By Wealth and Society

Wealthy individuals may watch the Singapore leg of the Credit Suisse court dispute with Georgia’s tycoon and ex-prime minister Bidzina Ivanishvili for cues on how well the Singapore court system handles such high-value disputes

A court case in Singapore pitting Republic of Georgia's former premier Bidzina Ivanishvili against Credit Suisse Group over allegations of negligence at a unit of the Swiss bank that cost the plaintiff $800 million in losses has cast a spotlight on the city-state’s ambition as a global wealth hub by testing its courts’ ability to resolve high-value disputes.

Ivanishvili, 66, has accused Credit Suisse Trust in a Singapore court this week of failing to protect his investments and take steps necessary to prevent losses linked to fraud committed by its former Geneva-based banker Patrice Lescaudron. Singapore is the latest stop in the tycoon’s string of lawsuits across multiple locales against the bank to claw back monies he claims to have lost through the bank’s neglect. In March, a Bermuda court ruled in favour of Ivanishvili, and directed the bank’s local insurance arm to pay damages of more than $500 million . Ivanishvili has a net worth of $4.8 billion, estimates Forbes Magazine, having made his fortune in the metals and banking business in neighbouring Russia.

High net-worth individuals may watch this case closely for cues on how well the Singapore court system handles such high-value disputes involving one of their own. This could inform them on how much wealth to park in Singapore vis-à-vis rival hubs like Geneva, and how active a role they play in making wealth-management decisions with banks.

“Clients want to have their money managed in countries with strong legal frameworks,” said Peter Deans, director of Sydney-based Notwithoutrisk Consulting. “Singapore has a good reputation in that regard; it wouldn’t have a lot of Western firms based there if there were any concerns about the law.”

The New Zealand High Court had dismissed Ivanishvili’s case in 2018 after the bank’s argument that Switzerland was the right jurisdiction; but the Singapore courts chose to take on the case with the defendant being just the trust, not the bank.

“It’s overwhelmingly sensible” for Singapore to hear this case, said Matthew Fleming, a partner at KordaMentha, a Sydney-based corporate advisory firm. “It is a natural progression from port to financial hub; it signals to the world that it’s mature enough to have rules, and that it will police them.”

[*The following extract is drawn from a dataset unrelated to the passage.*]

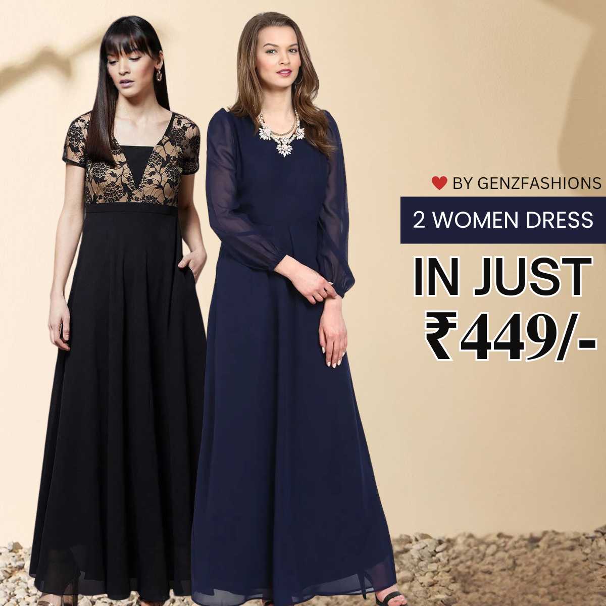 Step into style and sophistication with this exclusive combo of two stunning women’s dresses. Perfect for any occasion, this set includes a chic casual dress and a glamorous evening dress, designed to complement your wardrobe effortlessly. Crafted with premium-quality fabrics, these dresses offer unmatched comfort and durability while keeping you on-trend. Whether it's a day out with friends or a special celebration, these versatile pieces ensure you look your absolute best.

Singapore, a city-state of 5 million about the size of New York City, is positioning itself as a global wealth hub. Singapore ranked a close second behind Switzerland and just ahead of Hong Kong in 2021 as the world’s most competitive wealth hub, according to a survey by Deloitte; while Singapore scored well on innovation and neutrality, it lagged Switzerland that set the “global 'platinum standard' for secrecy and privacy in digital wealth management”, according to Deloitte.

Singapore’s total assets under management (AUM) reached SGD4.7 trillion ($3.35 trillion) in 2020, 17% more than the year before and faster than 11% gain worldwide, according to the Monetary Authority of Singapore (MAS); 78% of the AUM was sourced from outside the city state.

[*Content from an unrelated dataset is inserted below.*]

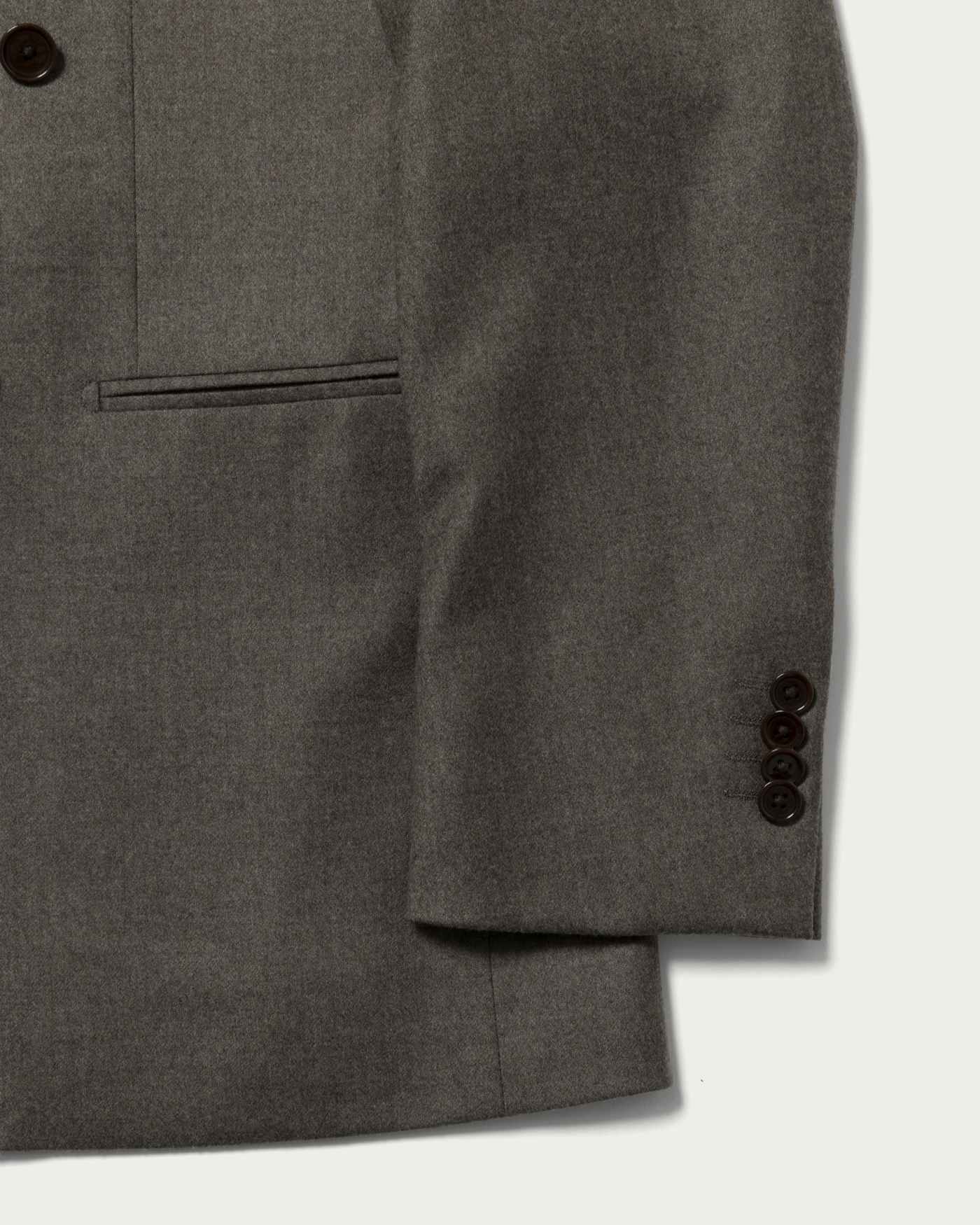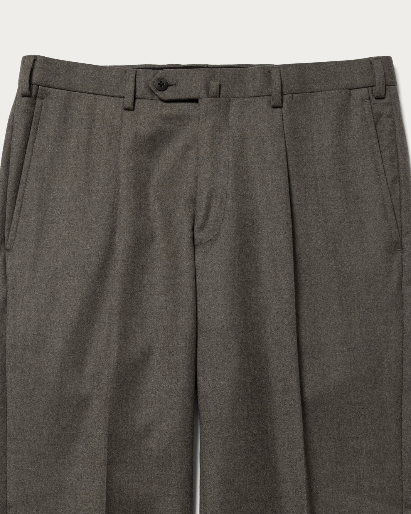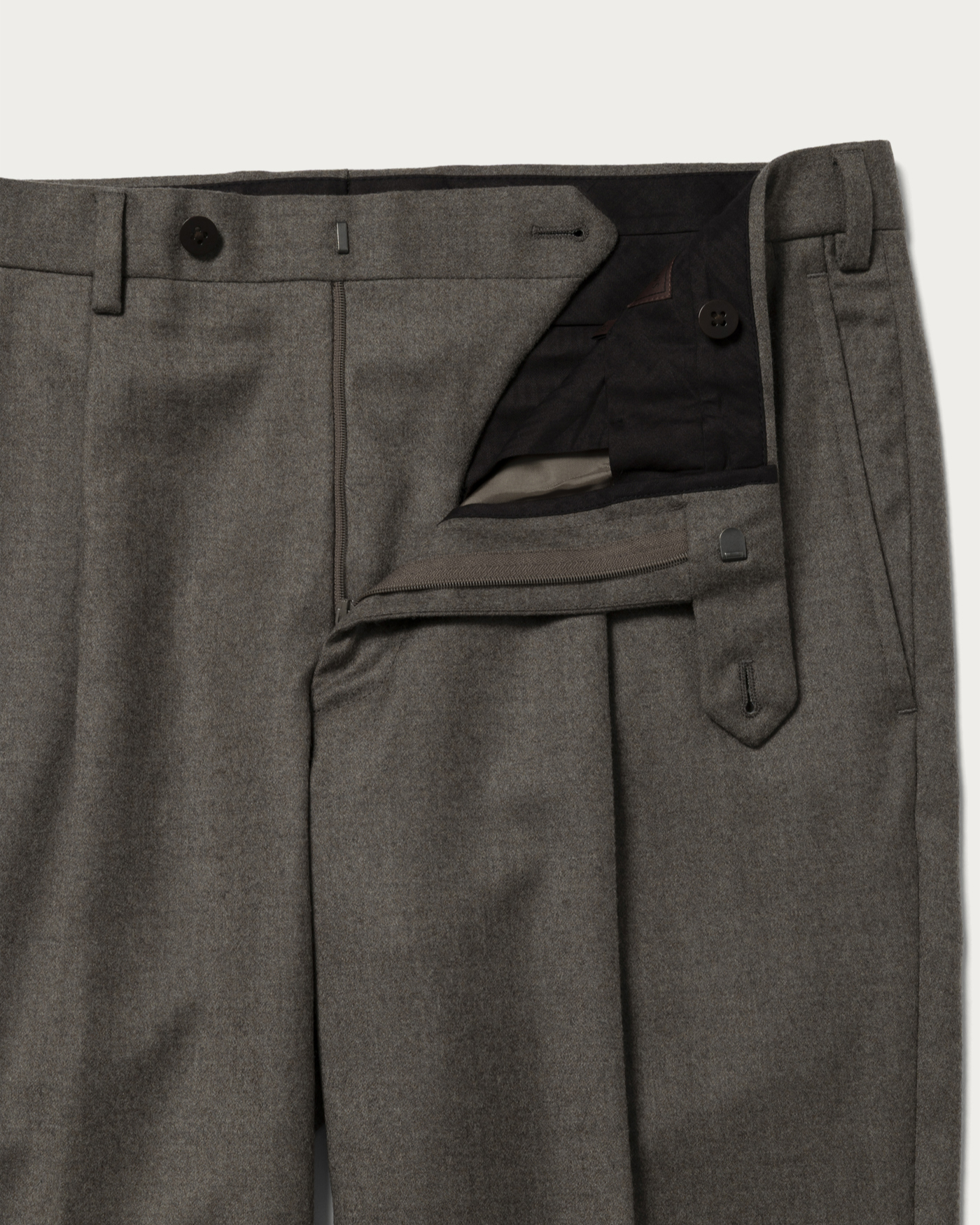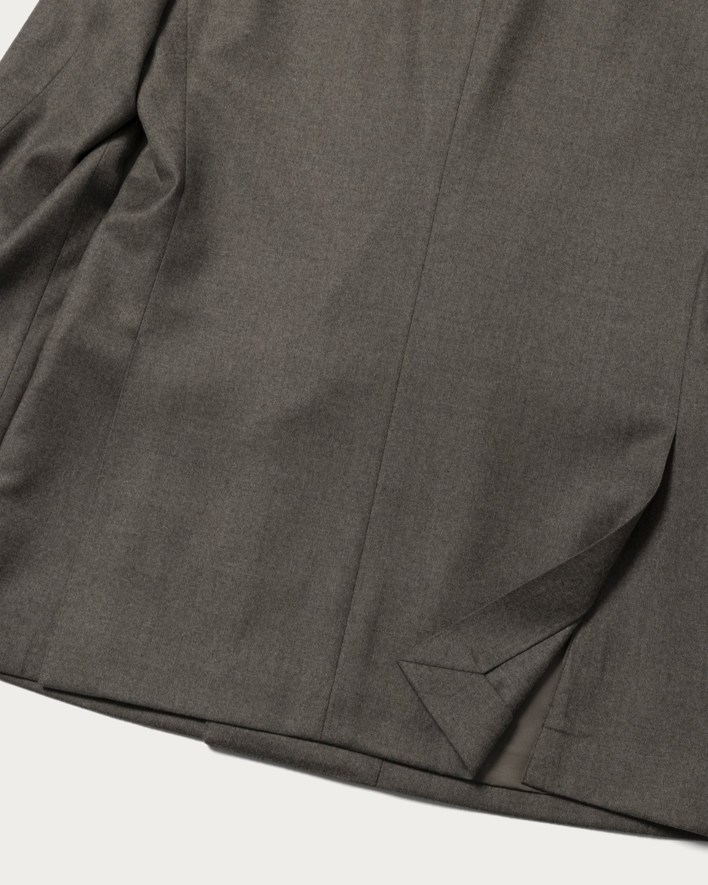 A suit that reinterprets classic style for the modern era. This piece is notable for its soft, gentle colors and airy texture. The double-breasted jacket features six buttons with a wide shoulder width, longer length, and beautiful waist shaping, along with three-dimensional sleeve attachment (Manica Camicia style). It combines a classic structured feel with lightness and softness.The bottoms are designed with a deep rise and a relaxed straight line, ensuring a balanced look with the jacket. The material used is light flannel from "Vitale Barberis Canonico," offering a tailored appearance with volume and firmness, along with a gentle touch on the skin.

In a sign of Asia’s burgeoning wealth, an increasing number of families are consolidating their monies in Singapore through formal structures like family offices. The MAS said, in a separate report, that the number of family offices quintupled between 2017 and 2019; as of February 2022, Singapore had more than 400 family offices. In March 2019, MAS set up the Family Office Development Team with Singapore’s Economic Development Board to improve the operating environment of family office by attracting more professionals.

High net-worth individuals choose Singapore for its sound financial regulation, strong rule of law, as well as political and economic stability. Singapore authorities have been working to tailor regulations and expand the suite of wealth management services that allow such wealthy individuals to access global investment products.

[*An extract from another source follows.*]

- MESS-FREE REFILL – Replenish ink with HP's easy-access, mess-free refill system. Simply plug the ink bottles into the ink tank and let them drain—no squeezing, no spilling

Mechanisms that ensure disputes are properly resolved also will enhance Singapore’s standing as a wealth-management hub. Even so, more complex cases such as Ivanishvili’s would have broader lessons and implications beyond Singapore.

“This case reinforces in many respects the fiduciary obligations banks have towards clients: to prudently manage their assets and to protect these assets from a range of risks – including fraud and misconduct,” Deans said. 

In a statement read to the court this week, Ivanishvili's lawyers Cavinder Bull and Woo Shu Yan of Drew & Napier said their client had placed $1.1 billion under the custodianship of the Credit Suisse Trust in 2005. Lescaudron was Credit Suisse's channel for Ivanishvili's business and began fraudulently mismanaging the trust's investments and "misappropriating" the funds within as early as 2007, the statement said. Credit Suisse is represented by Allen & Gledhill; it did not respond to e-mailed requests and calls for comment.

Lescaudron was convicted by a Swiss court in 2018 of forging the signatures of former clients, including Ivanishvili, over an eight-year period, court documents said.

The case continues before Judge Patricia Bergin at the Singapore International Commercial Court.